2. Ecosystems were `dissolved` into a single shape to remove double counting due to overlaps.
3. Area was summed across all polygons

## Ecosystem Time Series (1)

Time series data is currently only available for the mangrove ecosystem.

Data can be found through [Global Mangrove Watch](https://zenodo.org/records/6894273/files/gmw_v3_country_statistics_ha.xlsx?download=1).

This particular chart was generated with the values at the bottom of the "Country Extent" tab.

![image.png](attachment:image.png)

## Ecosystem Restoration Rates (2)

Time series data is currently only available for the mangrove ecosystem.

Data can be found through [Global Mangrove Watch](https://zenodo.org/records/6894273/files/gmw_v3_country_statistics_ha.xlsx?download=1).

This particular chart was generated with the values at the bottom of the `Country Losses from 1996` and `Country Gains from 1996` tabs and calculating the per/year loss from 1996.

![image.png](attachment:image.png)

## Ecosystem Coverage by Countries (3)

![image.png](attachment:image.png)

Ecosystem coverage by country was calculated generally by:

1. Intersecting the ecosystem polygons with the polygons of the EEZs
2. Intersecting the above intersection with the polygons of the Marine Protected Areas and OECMs.
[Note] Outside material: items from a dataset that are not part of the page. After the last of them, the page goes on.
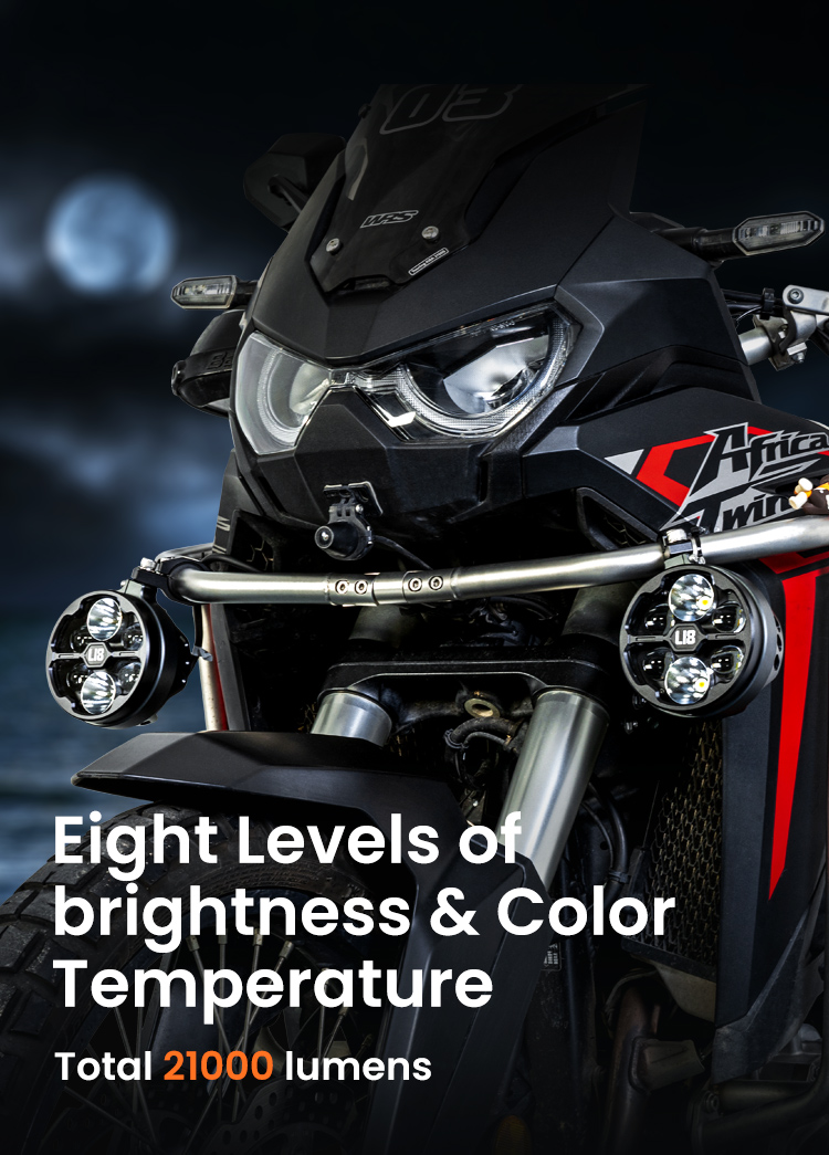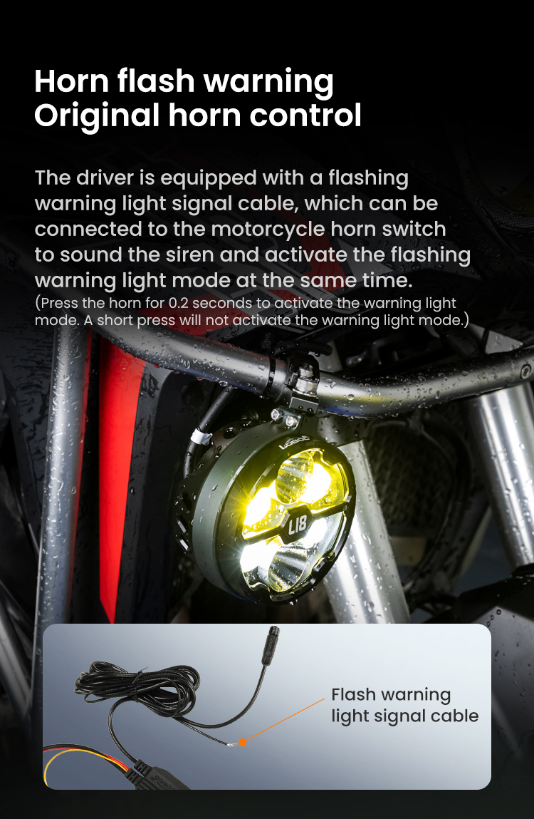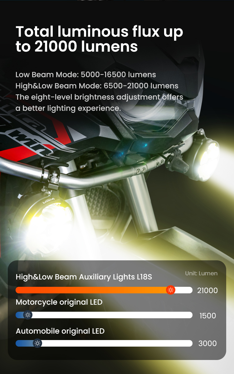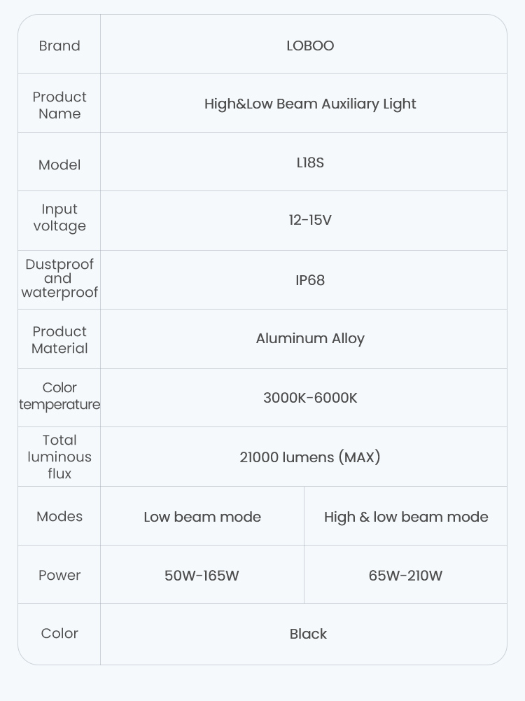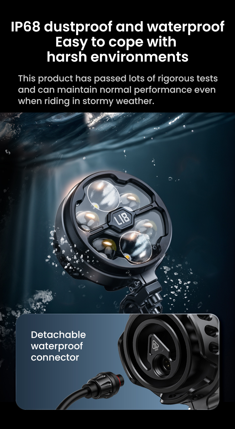 Total luminous flux: 21000 lumensHigh&low beam integratedIntelligent temperature control protectionThree warning light modesIP68 dustproof and waterproof
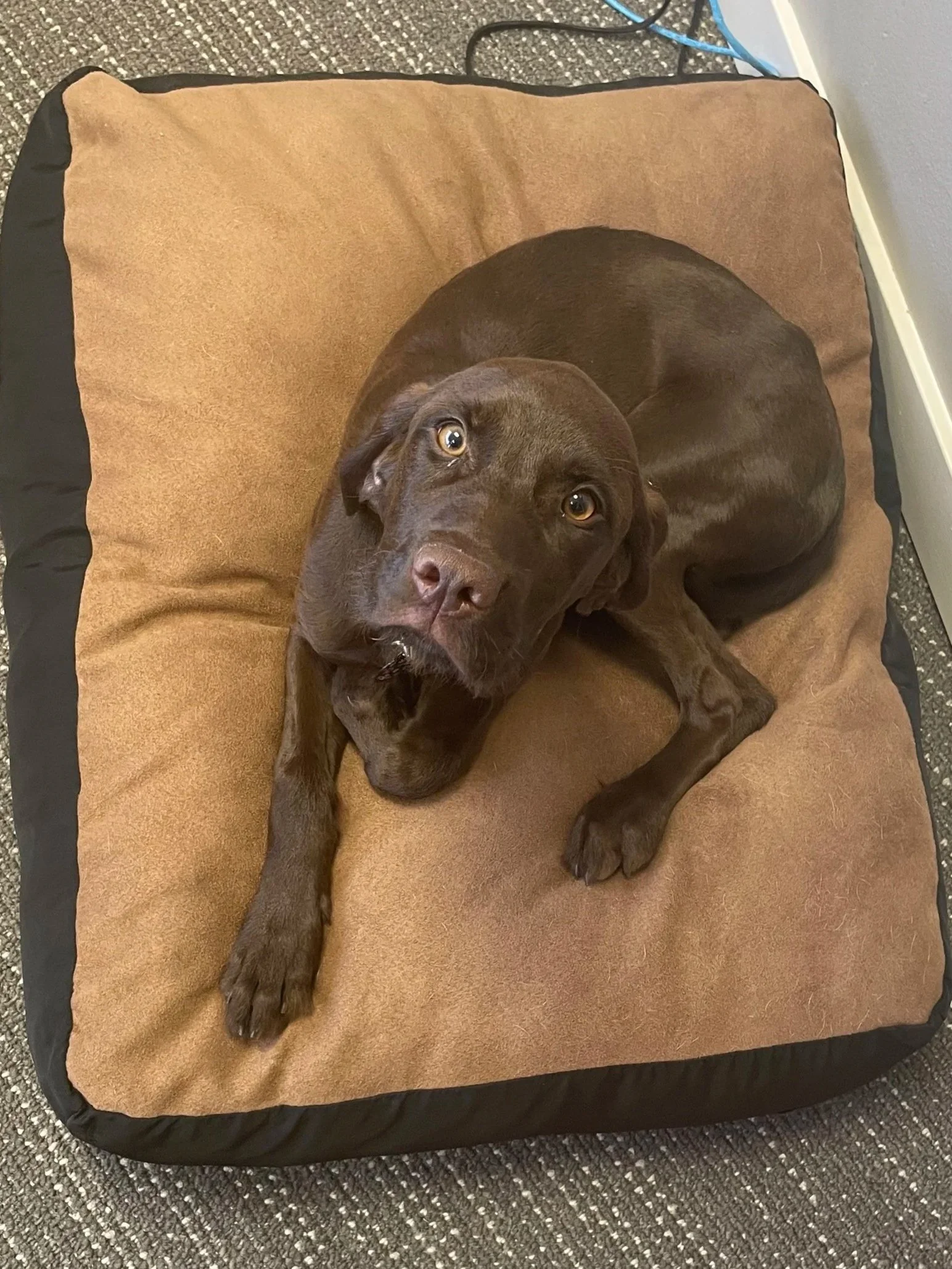 Our newest office dog is Selkie—named after the mythological creature that can change between human and seal form. Selkie is a pudelpointer in case you were wondering and has been learning to be a good bird dog. Selkie is still a puppy (as of 8/2025) so antics may ensue when she is present.
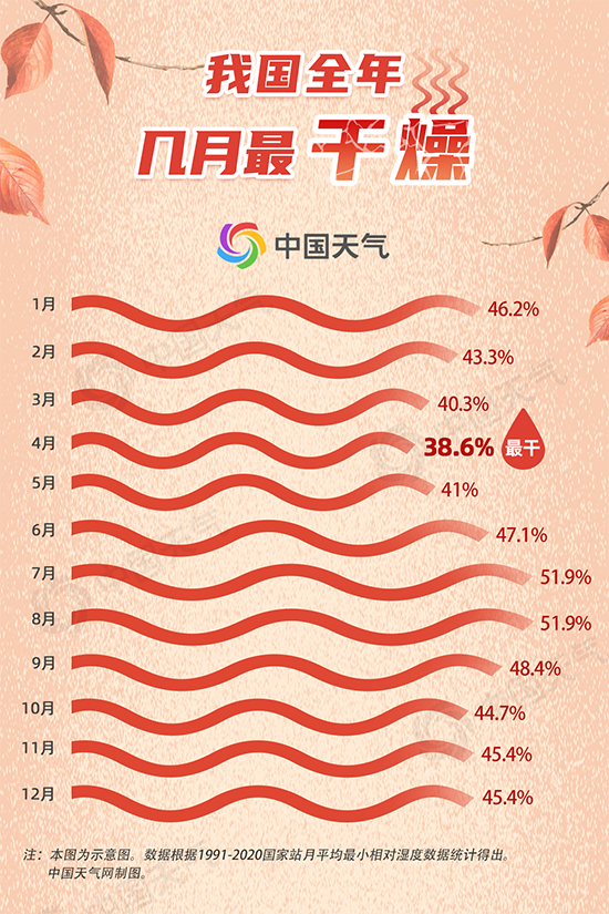 你以为眼下是最干燥的季节吗?其实不然,从常年(1991-2020年)国家站月平均最小相对湿度数据来看,排在前三名的分别是4月、3月、5月。其中4月最干燥,平均最小相对湿度不足40%,而我们目前所在的12月,位居全年第六。为何春季是全年最干燥的季节?

We do this in two, slightly different ways. For ecosystems with significant land-based extent we use the UNION of the country shape and the EEZs

In [None]:
# This cell preprocessed the ecosystem shapefiles by fixing invalid geometries and removing non-polygonal geometries

import geopandas as gpd

ecosystem_filepaths = [
    "data/14_001_WCMC008_CoralReefs2021_v4_1/01_Data/WCMC008_CoralReef2021_Py_v4_1.shp",
    "data/UniAuk-004-ModelledDistributionKelpBiome/01_Data/Kelp UNEP.shp",
    "data/DownloadPack-14_001_ZSL002_ModelledSeamounts2011_v1/01_Data/SeamountsBaseArea/SeamountsBaseArea.shp",
    "data/014_001_WCMC013-014_SeagrassPtPy2021_v7_1/01_Data/WCMC013014-Seagrasses-Py-v7_1.shp",
    "data/global_mangrove_watch/gmw_v3_2020_vec.shp",
    "data/WCMC027_Saltmarsh_v6_1/WCMC027_Saltmarsh_v6_1/01_Data/WCMC027_Saltmarshes_Py_v6_1.shp"]
ecosystem_names = ["coral_reefs", "kelp_forests", "seamounts", "seagrass", "mangroves", "saltmarshes"]

ecosystem_dict = {}

for ecosystem_name, ecosystem_filepath in zip(ecosystem_names, ecosystem_filepaths):
    ecosystem_gdf = gpd.read_file(ecosystem_filepath)
    ecosystem_dict[ecosystem_name] = ecosystem_gdf

for ecosystem_name, ecosystem_gdf in ecosystem_dict.items():
    print(f"{ecosystem_name}: {ecosystem_gdf.geometry.is_valid.sum()} valid geometries out of {len(ecosystem_gdf)}")

print("Fixing invalid geometries...")
for ecosystem_name, ecosystem_gdf in ecosystem_dict.items():
    ecosystem_gdf.geometry = ecosystem_gdf.geometry.buffer(0)

for ecosystem_name, ecosystem_gdf in ecosystem_dict.items():
    print(f"{ecosystem_name}: {ecosystem_gdf.geometry.is_valid.sum()} valid geometries out of {len(ecosystem_gdf)}")

print("Removing non-polygonal geometries...")
for ecosystem_name, ecosystem_gdf in ecosystem_dict.items():
    ecosystem_gdf = ecosystem_gdf[ecosystem_gdf.geometry.type.isin(["Polygon", "MultiPolygon"])]
    ecosystem_dict[ecosystem_name] = ecosystem_gdf


# Export each ecosystem to a separate parquet
for ecosystem_name, ecosystem_gdf in ecosystem_dict.items():
    ecosystem_gdf.to_parquet(f"./data/{ecosystem_name}_processed.parquet")

In [None]:
import geopandas as gpd
import pandas as pd
import matplotlib.pyplot as plt
from tqdm import tqdm
import argparse
import numpy as np

# For Mangroves: Flanders Marine Institute (2024). Union of the ESRI Country shapefile and the Exclusive Economic Zones (version 4).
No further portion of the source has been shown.